Die Revision ist unbegründet. Sie war daher zurückzuweisen (§ 126 Abs. 2 der Finanzgerichtsordnung –FGO–).Das FG hat zu Recht den Anspruch der Klägerin auf Kindergeld verneint.Die Entscheidung des FG, dass ein Anspruch auf Kindergeld gemäß § 62 Abs. 1, § 63 Abs. 1 Satz 2 i.V.m. § 32 Abs. 4 Satz 1 Nr. 2 Buchst. a EStG ausscheidet, weil X nicht für einen Beruf ausgebildet wurde, ist zutreffend.

In Berufsausbildung befindet sich, wer sein Berufsziel noch nicht erreicht hat, sich aber ernsthaft und nachhaltig darauf vorbereitet. Dieser Vorbereitung dienen alle Maßnahmen, bei denen Kenntnisse, Fähigkeiten und Erfahrungen erworben werden, die als Grundlagen für die Ausübung des angestrebten Berufs geeignet sind.
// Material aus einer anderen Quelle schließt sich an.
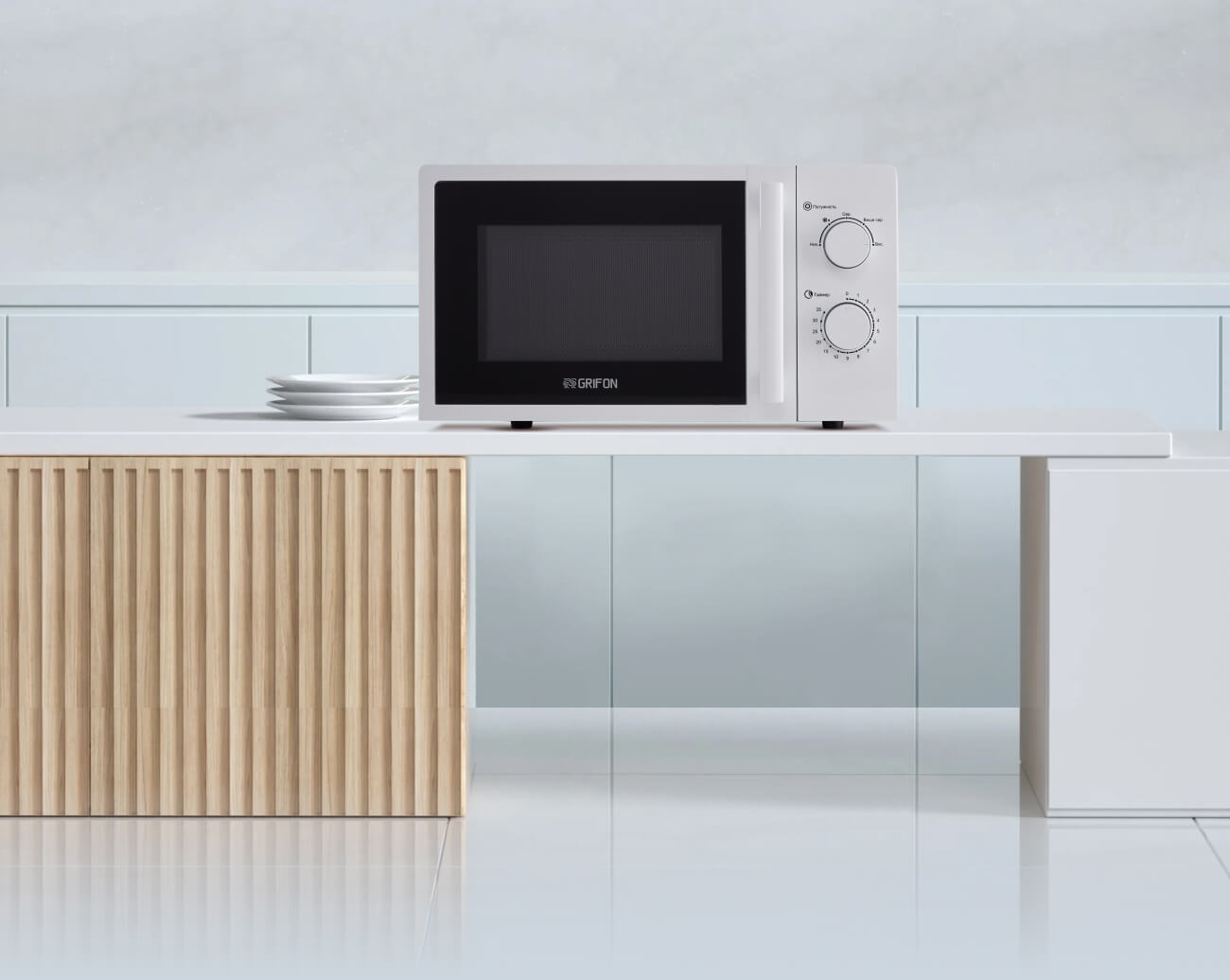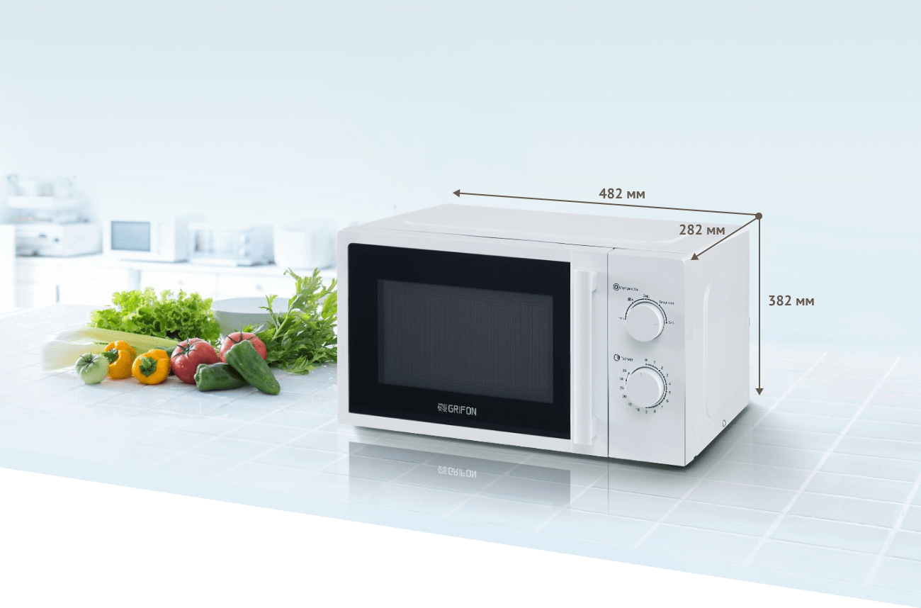 Стильна та компактна, мікрохвильова піч Grifon GR20FM0116W завжди буде доречною на будь-якій кухні

Hierzu zählen auch berufsspezifische Praktika, z.B. ein Anwaltspraktikum eines Jurastudenten oder eine Volontärtätigkeit, die ausbildungswillige Kinder vor Annahme einer vollbezahlten Beschäftigung gegen geringe Entlohnung absolvieren. Voraussetzung in diesen Fällen ist, dass der Ausbildungscharakter im Vordergrund steht und es sich nicht lediglich um ein gering bezahltes Arbeitsverhältnis handelt. Das FG ist bei seiner Entscheidung von diesen Rechtsgrundsätzen ausgegangen. Die von ihm vorgenommene Gesamtwürdigung aller Umstände des Streitfalls mit dem Ergebnis, dass die von X in der Zeit von September 2008 bis 2013 ausgeübte Praktikantentätigkeit auf dem Reiterhof nicht als Ausbildungsmaßnahme in diesem Sinne angesehen werden könne, hält einer revisionsrechtlichen Überprüfung stand und bindet daher den Senat (§ 118 Abs. 2 FGO).

Das FG hat hierzu ausgeführt, dass Voraussetzung für einen Antrag auf Zulassung zum Vorbereitungslehrgang und zur Prüfung zum Pferdepfleger zwar u.a. der Nachweis einer ca. zweijährigen hauptberuflichen Tätigkeit im Umgang mit und der Pflege von Pferden in einem Reit- oder Zuchtbetrieb oder der Nachweis einer mindestens dreijährigen nebenberuflichen Tätigkeit sei.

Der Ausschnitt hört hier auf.